Nesses tempos de COP, torna-se ainda mais urgente resgatar o discurso histórico de Fidel Castro na Rio-92, quando ele advertiu que a humanidade não sobreviveria caso continuasse a organizar sua economia sobre as bases da exploração, do consumismo e da desigualdade entre nações. Naquele momento, Fidel já denunciava que a crise ambiental não poderia ser resolvida sem enfrentar o capitalismo global e suas estruturas de saque uma análise que, diante do colapso climático atual, revela uma lucidez extraordinária.
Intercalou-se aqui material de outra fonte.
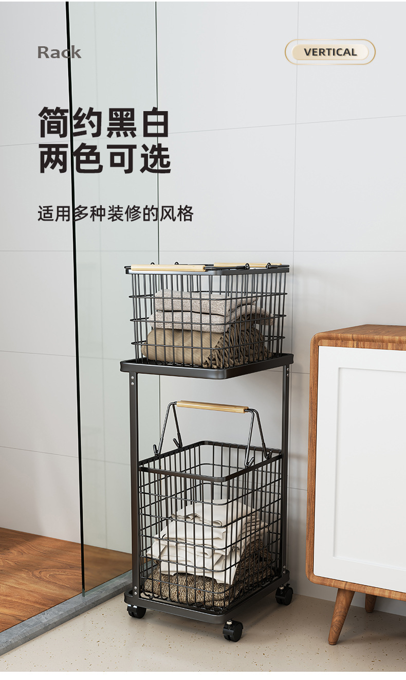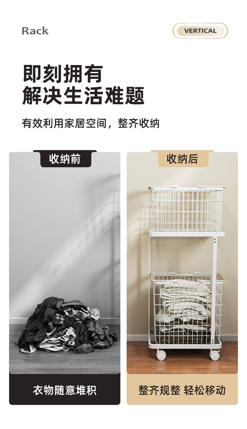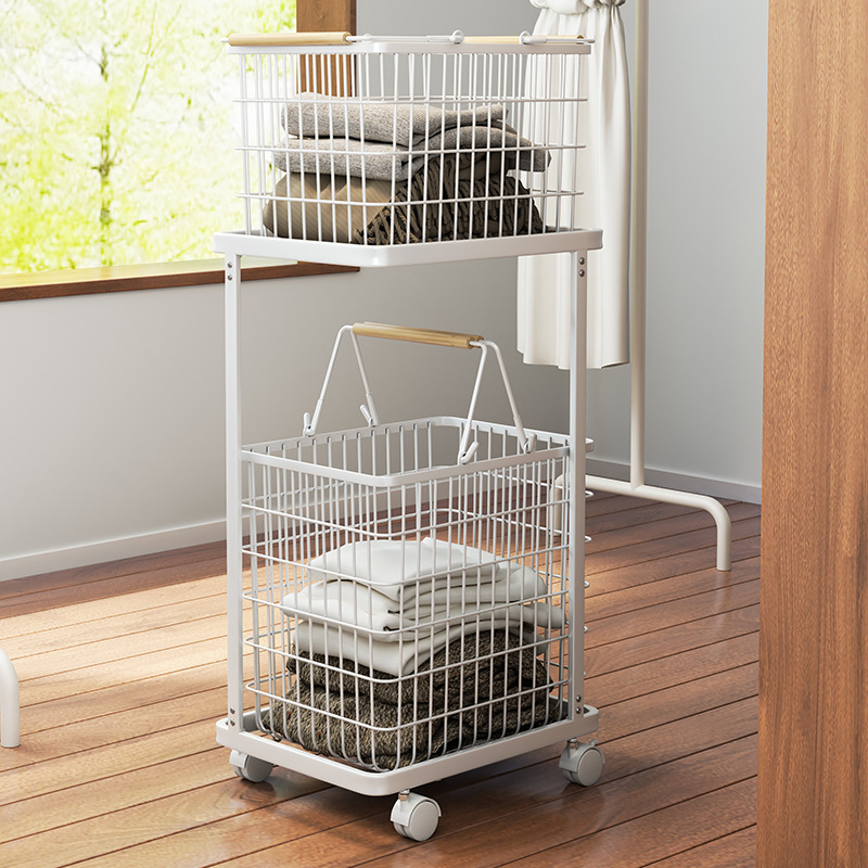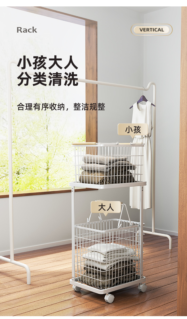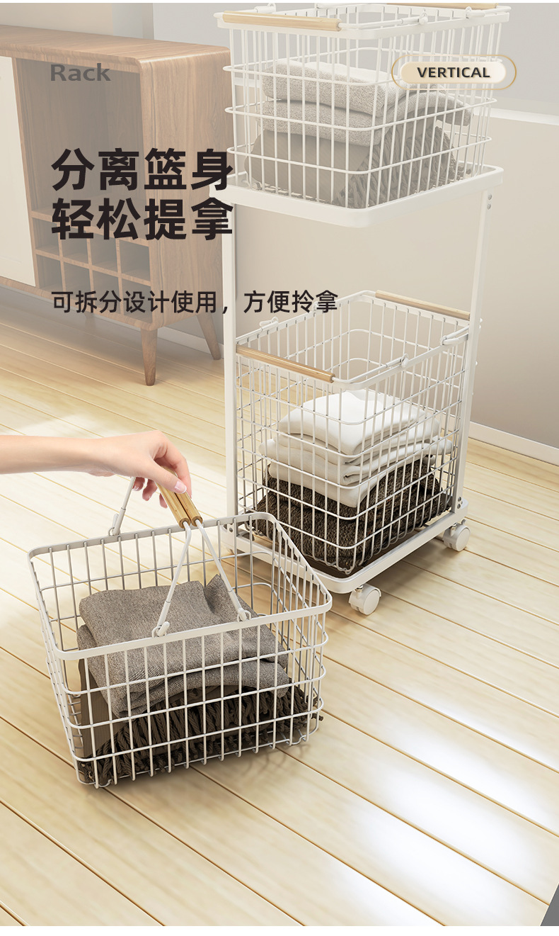 脏衣篮家用分隔洗衣脏衣篓多层收纳筐万向轮高级感铁艺推车收纳篮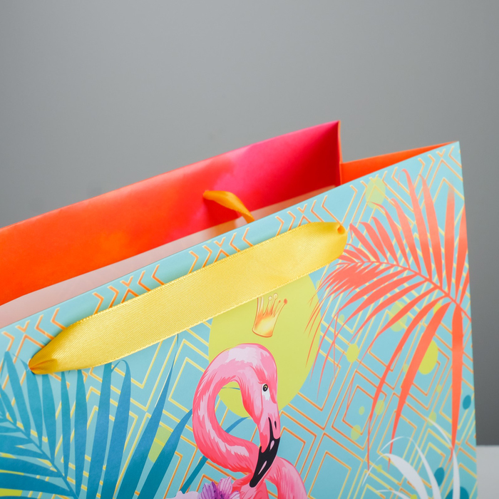Изделие изготовлено из более плотного материала по сравнению с обычными бумажными пакетами. Оно прекрасно подойдёт как для упаковки подарка, так и для повседневной носки в качестве стильной сумки. Несомненным достоинством является длинная ручка, позволяющая носить вещь на плече. При необходимости складывается. Благодаря компактному размеру не займёт много места.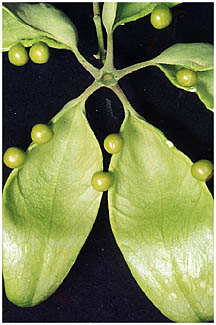 - 果皮の縁に4−8mmの球形の種子を3−5個つけます。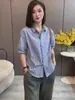 Camisa rayada diseño de mujer camisa nicho pequeña manga corta Camisa Tencel ropa de trabajo profesional verano mayoreo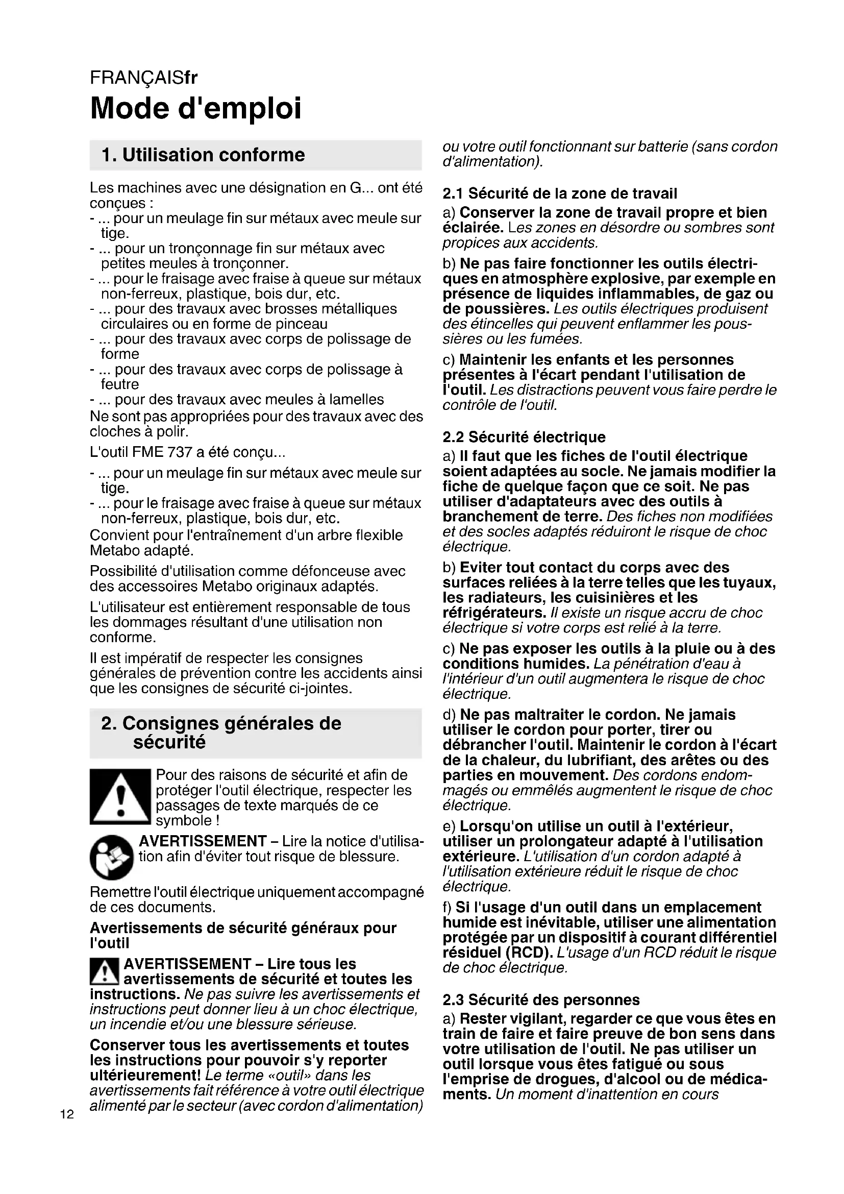 Mode d'emploi Les machines avec une désignation en G... ont été conçues : - ... pour un meulage fin sur métaux avec meule sur tige. - ... pour un tronçonnage fin sur métaux avec petites meules à tronçonner. - ... pour le fraisage avec fraise à queue sur métaux non-ferreux, plastique, bois dur, etc. - ... pour des travaux avec brosses métalliques circulaires ou en forme de pinceau - ... pour des travaux avec corps de polissage de forme - ... pour des travaux avec corps de polissage à feutre - ... pour des travaux avec meules à lamelles Ne sont pas appropriées pour des travaux avec des cloches à polir. L'outil FME 737 a été conçu... - ... pour un meulage fin sur métaux avec meule sur tige. - ... pour le fraisage avec fraise à queue sur métaux non-ferreux, plastique, bois dur, etc. Convient pour l'entraînement d'un arbre flexible Metabo adapté. Possibilité d'utilisation comme défonceuse avec des accessoires Metabo originaux adaptés. L'utilisateur est entièrement responsable de tous les dommages résultant d'une utilisation non conforme. Il est impératif de respecter les consignes générales de prévention contre les accidents ainsi que les consignes de sécurité ci-jointes. Pour des raisons de sécurité et afin de protéger l'outil électrique, respecter les passages de texte marqués de ce symbole ! AVERTISSEMENT – Lire la notice d'utilisa- tion afin d'éviter tout risque de blessure. Remettre l'outil électrique uniquement accompagné de ces documents. Avertissements de sécurité généraux pour l'outil AVERTISSEMENT – Lire tous les avertissements de sécurité et toutes les instructions. Ne pas suivre les avertissements et instructions peut donner lieu à un choc électrique, un incendie et/ou une blessure sérieuse. Conserver tous les avertissements et toutes les instructions pour pouvoir s'y reporter ultérieurement! Le terme «outil» dans les avertissements fait référence à votre outil électrique alimenté par le secteur (avec cordon d'alimentation) ou votre outil fonctionnant sur batterie (sans cordon d'alimentation).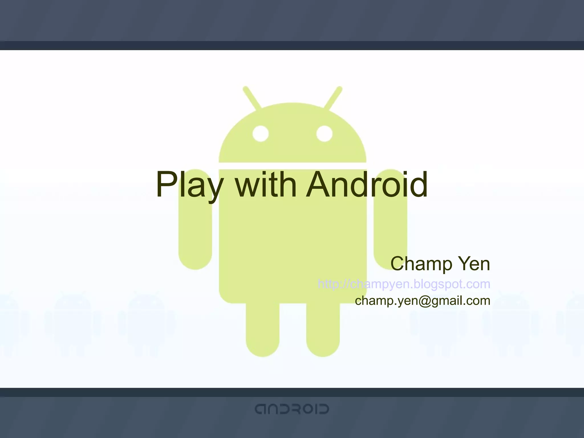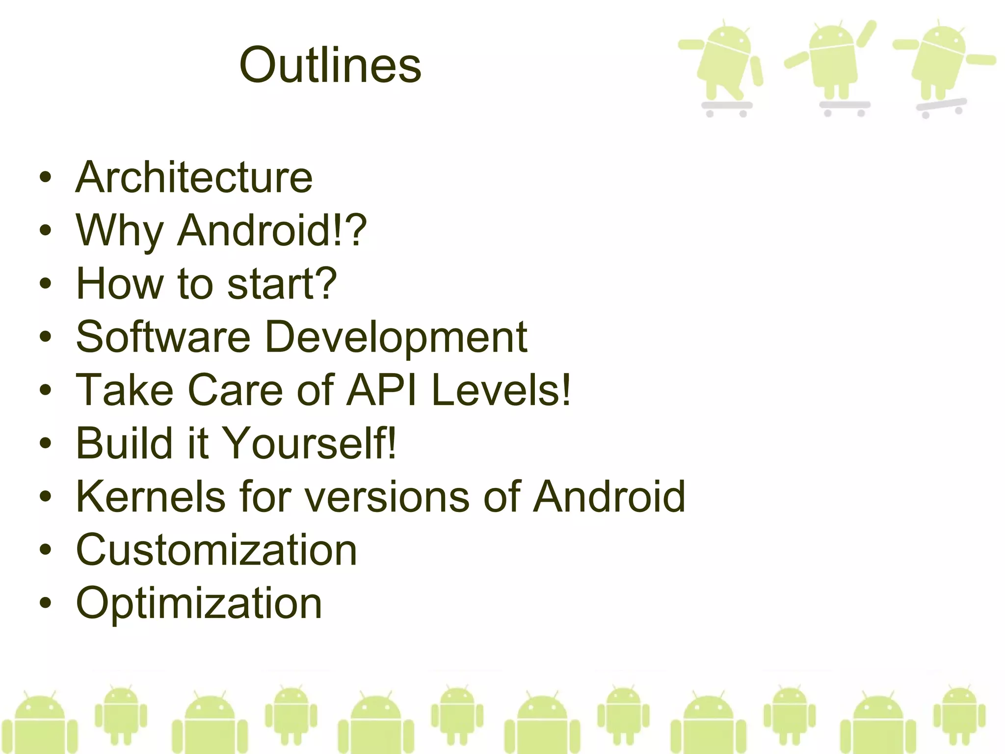The document discusses various topics related to developing and customizing the Android operating system, including its architecture, how to get started, software development practices, API levels, building the system, kernel versions, customization, and optimization. It provides resources for porting Android to different hardware platforms like x86, ARM, and MIPS devices.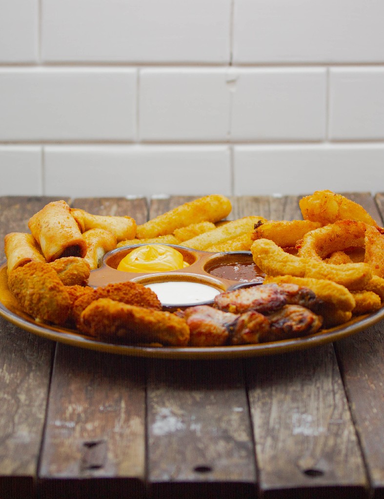 Sticks de mozarella, jalapeños cheddar, flautas de pollo, alitas de pollo, fingers de pollo, aritos de cebollas y tres salsas.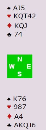 De fleste spilte utgang i hjerter eller grand. Noen veldig få par var i 6 hjerter og vant den. Det er imidlertid alt for hardt, og kløver ut fra syd beter slemmen. Om det kommer kløver ut rekker ikke spillefører å få spilt tre runder trumf før de fire sparstikkene må tas med avkast av kløver. Dessuten er det jo heldig at det er fire sparstikk, og i hjerterfargen må det også unngås to tapere.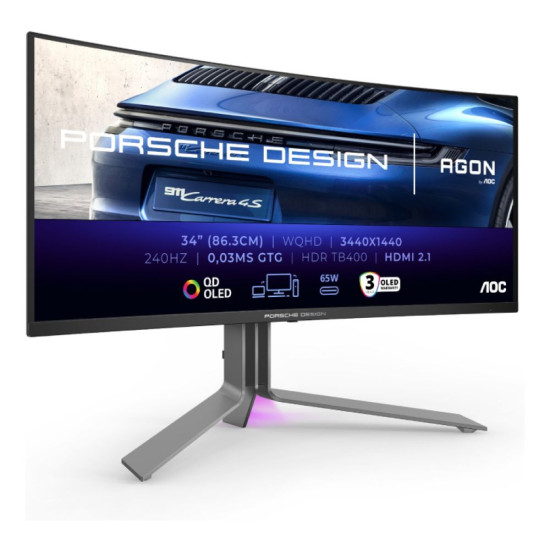 Elevate your performance with the Porsche Design 34-inch WQHD Curved OLED Monitor. Experience a 240Hz refresh rate and HDR TrueBlack 400 for unparalleled visual excellence!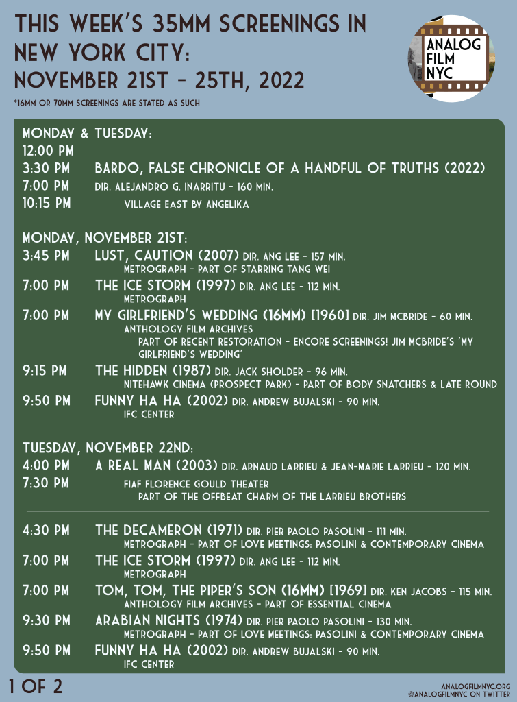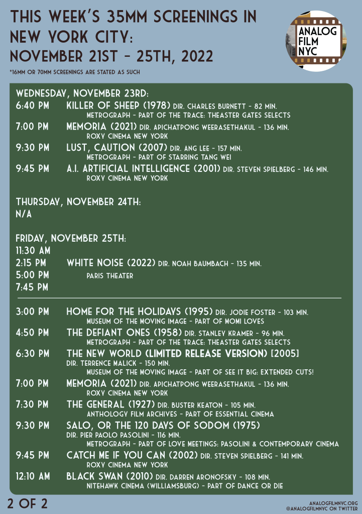 Funny Ha Ha at the IFC Center, Memoria, A.I. & Catch Me If You Can at the Roxy Cinema, Home for the Holidays & The New World at the Museum of the Moving Image, Black Swan & The Hidden at Nitehawk Cinemas & more.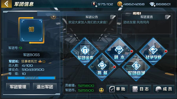 军团作为玩家交流互动交流平台新版本增加了强大的军团功能玩家进入军团后可通过军团的各种功能体验到一个游戏中最核心的多人互动模式。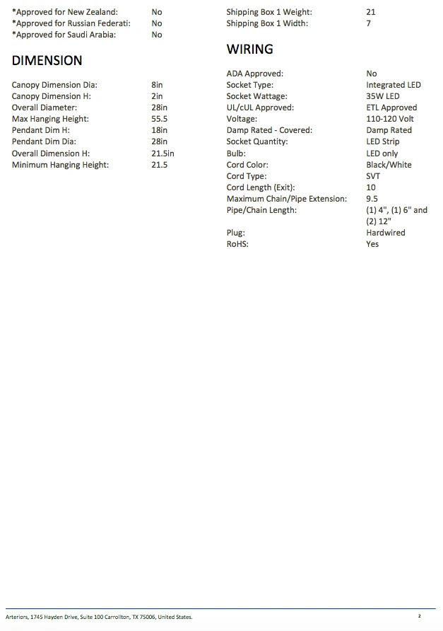 | Materials | Steel; Bronze; Socket Type: Integrated LED; Socket Wattage:35W LED; UL/cUL Approved: ETL; Socket Quantity: LED Strip; Bulb: LED only |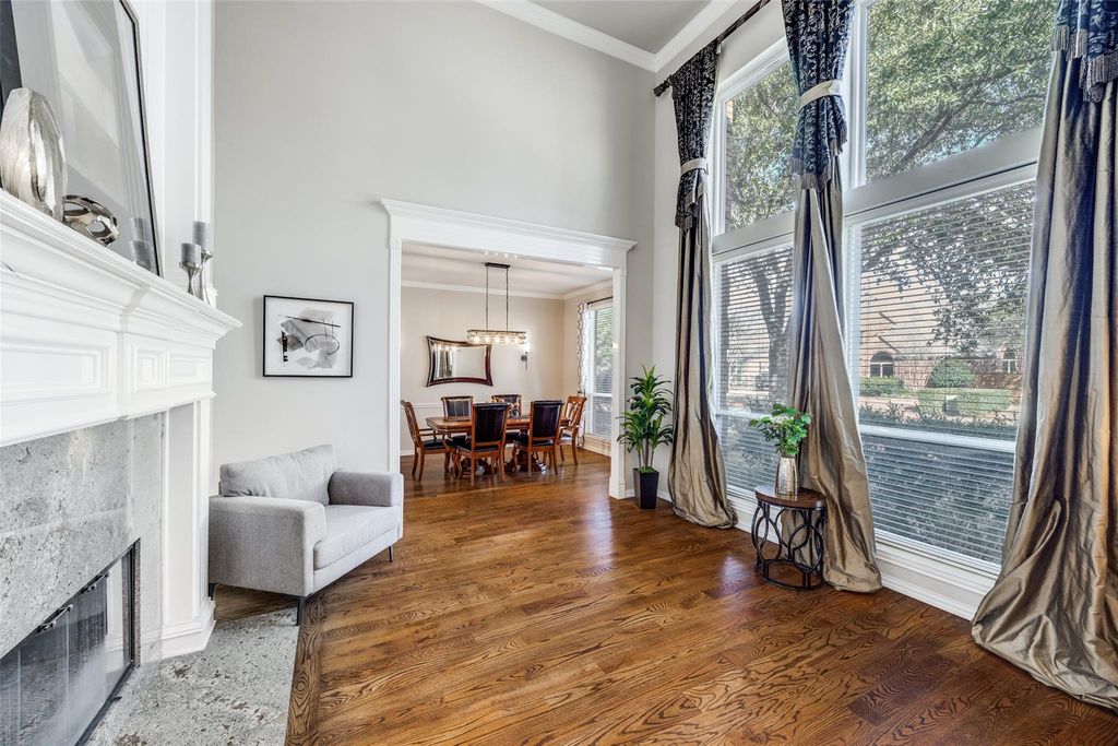 Stunning Huntington two-story home with a sparkling pool and spa, beautifully updated with designer touches throughout. This light-filled residence features rich hardwood flooring, tall ceilings free of popcorn texture, and energy-efficient Low-E windows that enhance both style and comfort. A grand staircase and soaring two-story foyer make a striking first impression. An impressive private study showcases custom built-in wood bookcases and French doors, while the beautiful formal living area with gas fireplace flows seamlessly into the adjacent dining space—ideal for entertaining. The spacious kitchen is equipped with high-end stainless-steel appliances, including a gas cooktop, light granite countertops, custom cabinetry, and opens to both the breakfast area and den. The private backyard oasis offers a covered patio with an additional retractable patio awning, perfect for year-round outdoor living, along with an automatic gate providing a secure, private driveway. The updated interior includes all bathrooms, with the primary suite featuring a frameless shower and timeless, classic décor. All four generously sized bedrooms offer ensuite bathroom access, with 4th bedroom large enough for second primary suite. the upstairs game room is spacious enough for a pool table and additional entertainment space and has skylight. Ideally located near parks, walking trails, shopping, and excellent restaurants, this exceptional home is zoned to award-winning Coppell ISD , walkable to elementary school and offers the perfect blend of luxury, comfort, and location.
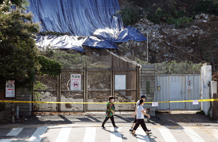 [열린의정뉴스 = 김윤영 기자] 16일 오후 시민들이 폭우로 인해 산사태가 발생한 서울 동작구 경문고등학교 후문 앞을 지나가고 있다. 2022.8.16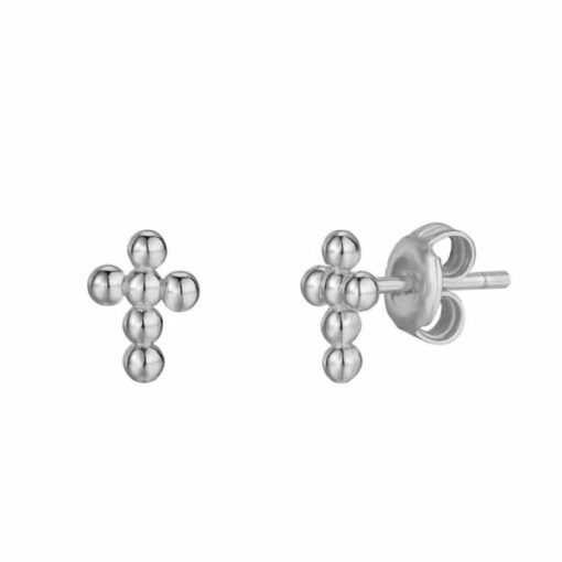 Pendientes mini en plata de ley con forma de cruz de bolitas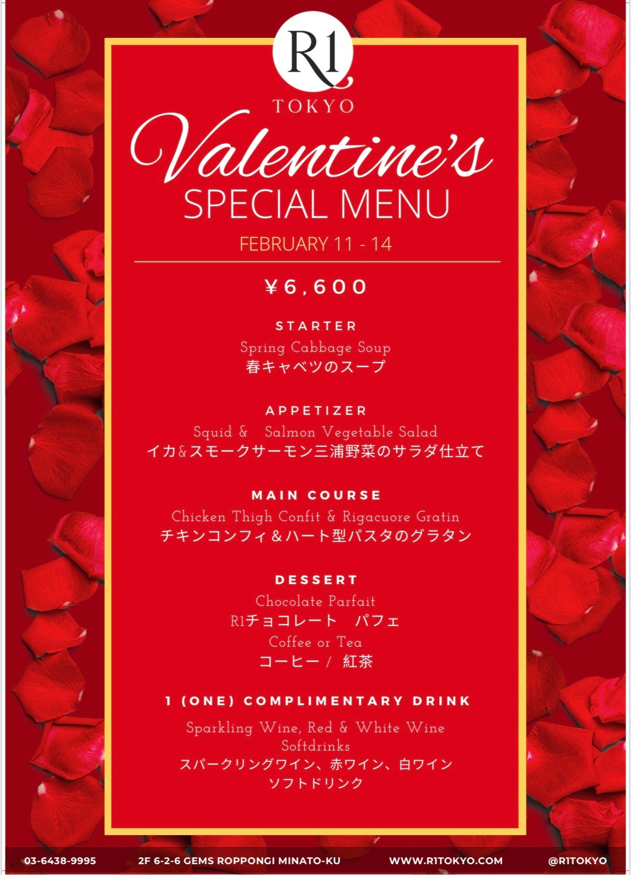 [六本木 R1TOKYO] 2/11~2/14 期間限定バレンタインデーディナーコースの予約開始!!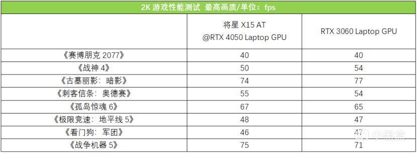 RTX 4050 Laptop GPU擁有徵服1080P遊戲的實力,從一定程度上講,制約它發揮的可能不是性能而是這塊FHD屏幕了。因此,我們在外接2K顯示器的情況下又進行了2K遊戲性能測試,RTX 4050 Laptop GPU的表現同樣非常不錯,參測遊戲的平均幀率和RTX 3060 Laptop GPU互有勝負,並沒有出現我們預想的由於顯存位寬瓶頸導致的2K成績明顯落後RTX 3060 Laptop GPU的情況,RTX 40系列Laptop GPU的架構和頻率優勢功不可沒。

O exemplo cubano, forjado ao longo de décadas de resistência, demonstra que é possível construir um metabolismo socioecológico alternativo, orientado não pela acumulação, mas pela centralidade da vida. Os avanços do país em reflorestamento, agroecologia, soberania alimentar e planejamento territorial comprovam que nenhuma política ambiental consistente nasce das regras do mercado. Pelo contrário: ela exige planejamento público, soberania territorial e compromisso com a justiça social exatamente o que Fidel afirmava desde a Rio-92, quando denunciou o truque ideológico de culpar indivíduos ou países periféricos por uma crise produzida pelo Norte global.

A ecologia marxista, ao lado disso, oferece a chave teórica para compreender a profundidade dessa ruptura. Marx e Engels afirmavam que a emancipação humana exige superar a mercantilização da natureza e romper com a lógica que transforma terra, água, florestas e trabalho em mercadorias submetidas à acumulação privada. Resgatar o legado de Fidel, valorizar as práticas agroecológicas cubanas e retomar o horizonte aberto por Marx e Engels é, hoje, tarefa estratégica.

Outro mundo não é apenas possível: ele já começou a ser construído. E sua direção aponta para fora da lógica do capital e para dentro da centralidade da vida, da justiça social e da autodeterminação dos povos.